Sandrine Lopez, MD^*, Alain Privat, MD PhD, Nathalie Bernard, MD^*, Freddy Ohanna, MD PhD, Christine Vergnes, MD and Xavier Capdevila, MD PhD^*

^* From the Department of Anesthesiology and Critical Care Medicine, Lapeyronie University Hospital;
The Institut National de la Santé et de la Recherche Médicale (INSERM) Unité 336, Université Montpellier II;
The Centre Propara; and
The DIM - Hôpital Arnaud de Villeneuve - C.H.U., Montpellier, France.

Address correspondence to: Dr. Xavier Capdevila, Département d’Anesthésie Réanimation A - Hôpital Lapeyronie, 371, Av du Doyen G Giraud, 34295 Montpellier Cedex 5, France. Phone: 00 33 46 733 8256; Fax: 00 33 46 733 7960; E-mail: x-capdevila{at}chu-montpellier.fr

Purpose: The photochemical spinal-cord injury model reproduces extensive secondary lesions that occur after spinal injury. We have evaluated in 27 rats the functional, electrophysiological and anatomical consequences of a photochemical spinal-cord lesion induced before or after intrathecal injection of bupivacaine.

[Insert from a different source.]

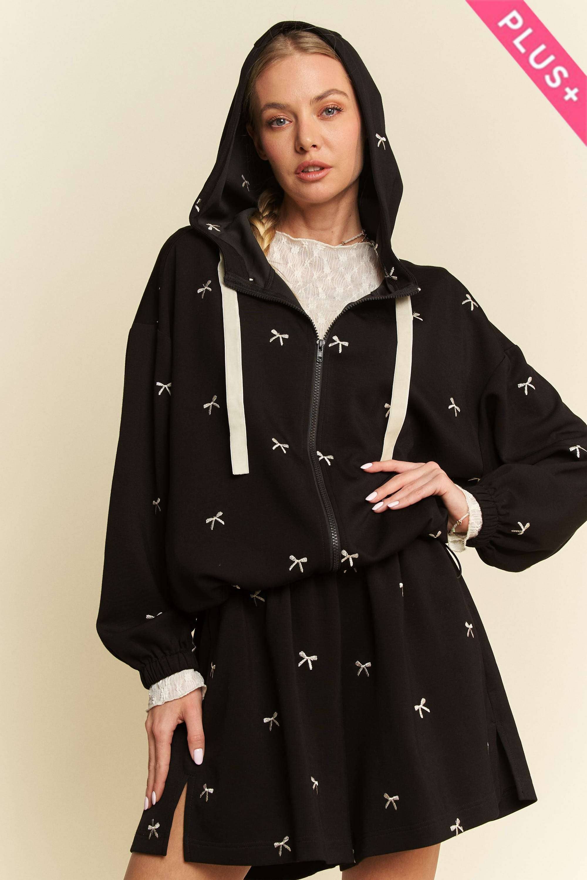 Ribbon Embroidery Elastic Waist Sweat Shorts (Plus)

Methods: After randomization, nine rats received 20 µL of intrathecal bupivacaine 0.5% 15 min before a photochemical spinal-cord lesion (Group I) and eight rats received 20 µL intrathecal bupivacaine 15 min after such a lesion (Group II). Ten rats received 20 µL of saline 15 min before the photochemical injury (control group).

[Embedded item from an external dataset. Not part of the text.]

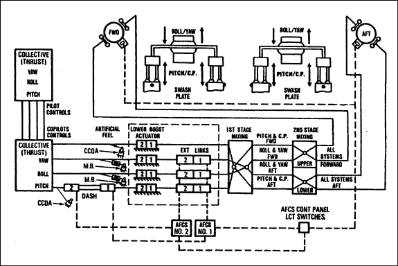 The entire flight control system consists of levers, connecting links, bellcranks, and actuators located within the cockpit, the forward cabin section, the tunnel on top of the main cabin section, the aft cabin section, and the forward transmission fairing and pylon. The flight control system transfers the pilots' cockpit control movements to the two rotor heads to maintain helicopter attitude, altitude, heading, and speed.
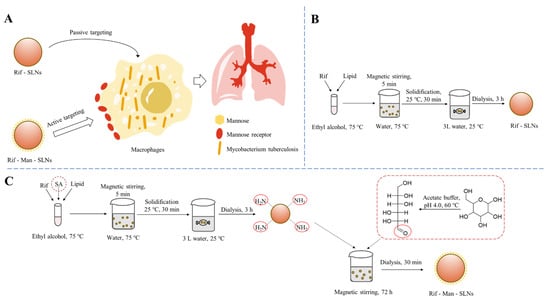 Tuberculosis is an extremely prevalent respiratory disease and the causative agents of tuberculosis often reside in the alveolar macrophages of lungs for a long period of time []. Recently, various carbohydrate-functionalized nanotherapeutics were exploited for macrophage targeted anti-tubercular drug delivery []. These could internalize the macrophages via overexpressed carbohydrate binding receptors and effectively suppress the invading microorganisms. The present study discussed the fabrication of mannose appended SLNs containing Rif and evaluated their effectiveness to accumulate the drug molecules inside the alveolar macrophages following endocytic uptake via the mannose receptor, a carbohydrate-binding receptor of the macrophage, for effective management of tuberculosis (Figure 1A) []. In other words, this could be accomplished through an active targeting process. On the contrary, passive targeting utilizes no homing device and uses only the natural distribution phenomenon of a carrier for drug targeting. In this context, Rif-loaded SLNs (Rif-SLNs) as control scaffolds were prepared using a solvent diffusion protocol, which involved the intense diffusion of solvent from the solvent–lipid phase into the surrounding aqueous phase followed by the evaporation of the organic solvent and solidification of lipid particles (Figure 1B) []. To afford Rif-Man-SLNs, SA was initially incorporated to provide amine terminated functionalities on Rif-SLNs. The coupling of mannose with these SLNs was then performed via Schiff bases chemistry, in which the aldehyde moieties of the ring-opened mannose could conjugate with the amino groups of SA present on the surfaces of drug-loaded SLNs (Figure 1C) [].

Paraplegia was tested on days one, three, five, seven, nine, 12, 15 and 18 using an evaluation of hindlimb movements and an inclined plane stability test. Sensory block was evaluated by the animal’s response when each hindlimb was brought into contact with a hot plate. Sympathetic injury was evaluated in terms of bladder voiding dysfunction. On day 18, residual somatosensory evoked potentials (SEP) were measured and the area of the intact spinal cord was determined using a digitalized system.

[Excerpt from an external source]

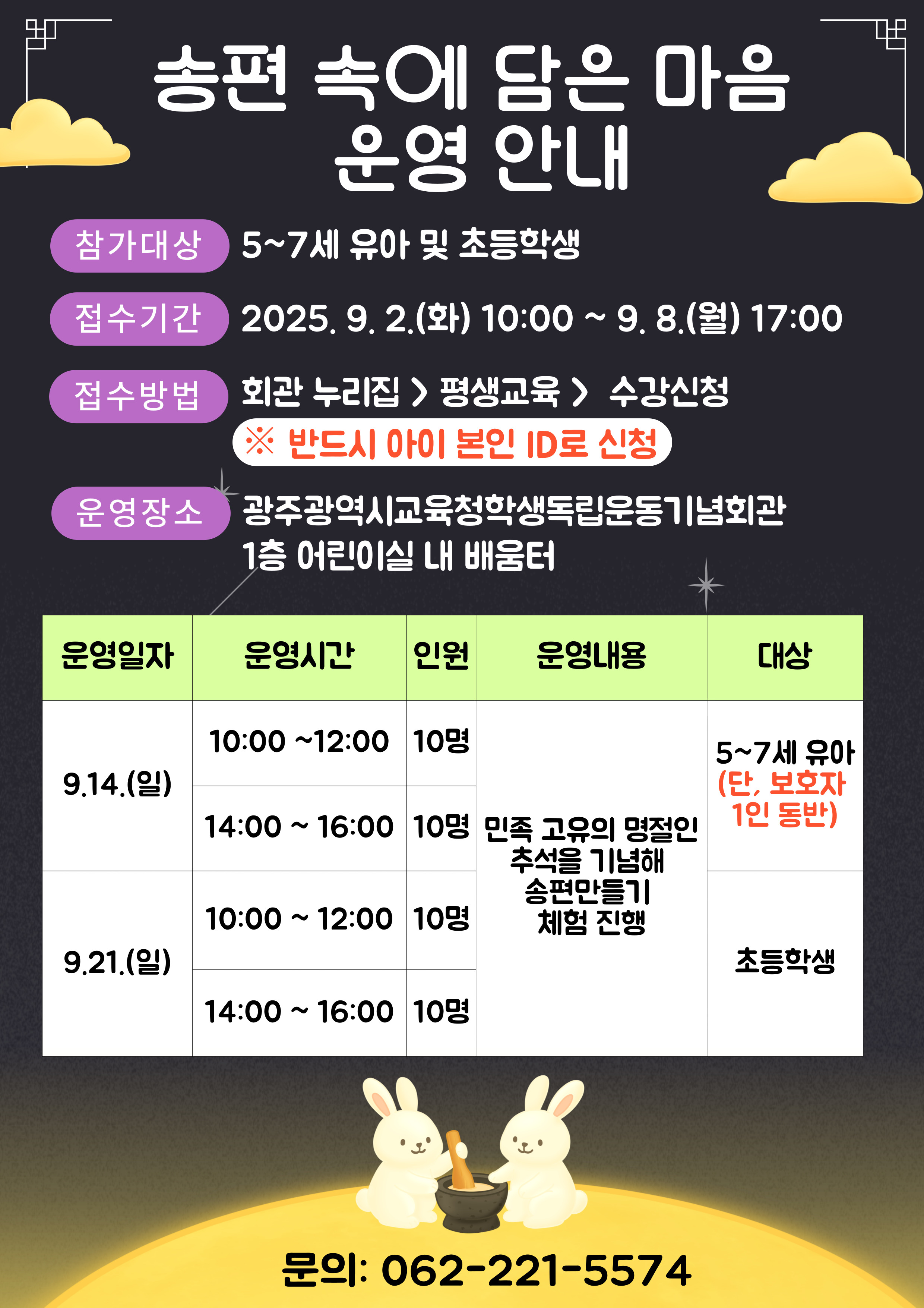 [광주광역시교육청 통합도서관] 송편 속에 담은 마음 등록일 : 2025-09-01 14:40 카테고리 : 카테고리 없음 작성자 : 운영자 조회수 : 38 [출처 : 광주광역시교육청 통합도서관] 목록

Results: Early paraplegia recovery was found in the two bupivacaine groups (P < 0.05). On day 12, motor recovery was complete in both bupivacaine groups whereas recovery was not complete on day 18 in the control group. Compared to the control group, inclined plane stability recovered earlier in Groups I and II, from day three to day 15. Sensory and sympathetic block scores were not different in the three groups. Nevertheless, SEP latencies were longer and amplitudes were lower in control group rats compared with the two bupivacaine groups on day 18. The intact spinal-cord cross-sectional area around the lesion was not different in the three groups.

Conclusion: Twenty microlitres of intrathecal bupivacaine before or after acute photochemical spinal injury improves hindlimb motor recovery and SEP parameters in rats.